Panel moderator Dave Caudel, associate director of the Frist Center for Autism and Innovation at Vanderbilt University, asked the panel to describe potential approaches and processes for decision-makers to implement UDL. Solomon suggested testing an environment first. At Gallaudet, they were not going to set up a whole new building for labs without testing it, so they went to a warehouse and developed a mock lab, she said. They tracked how people moved in that environment, and learned a lot about how a variety of people used the space and what would be appropriate and accessible.

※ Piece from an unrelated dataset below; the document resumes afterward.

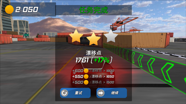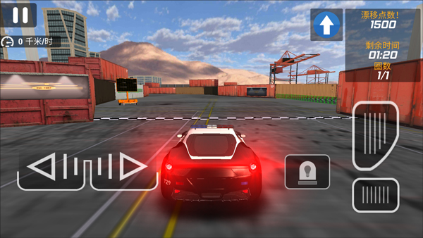 4、选定任务后,点击“出发”开始游戏,左下角用于控制车辆拐弯和漂移,右下角用于控制车辆前进或倒退。

Including the voices of people with disabilities throughout means making sure there are open lines of communication for feedback, Pérez said. “Nothing about us without us … too often in higher ed, we have heard this excuse of ‘nobody asked for that,’ but that puts the burden on the person doing the asking” and does not consider if there are mechanisms for people to ask.
Safety concerns and regulations are another way lab designs can become inaccessible, Chini said. She described an ongoing dispute about keeping mobile phones out of labs as well as an “egregious example” where a physics grad student could not get into the research space during their internship because they were a wheelchair user and were told they could not use an elevator access space because of safety rules. “These are the kind of real things that are barring folks from participating. We need to be creative about the solutions to make sure folks are safe but able to access.”
It is important to have safety policies and written rules in labs and research environments, Solomon said, especially in research vessels where you may not be able to hear alarms. “If we do have good, sound policies for ship captains or managers who have already practiced in that field or in lab spaces, it will really help a lot and to document for reference … what is and what isn’t safe in the field,” she said. One of the main design requirements
for an accessible lab space is to make them reconfigurable, Duerstock said. Some things must be fixed structures, but having very moveable lab benches and getting electricity from the ceiling helps in multiple ways, including improving interactions between students in labs.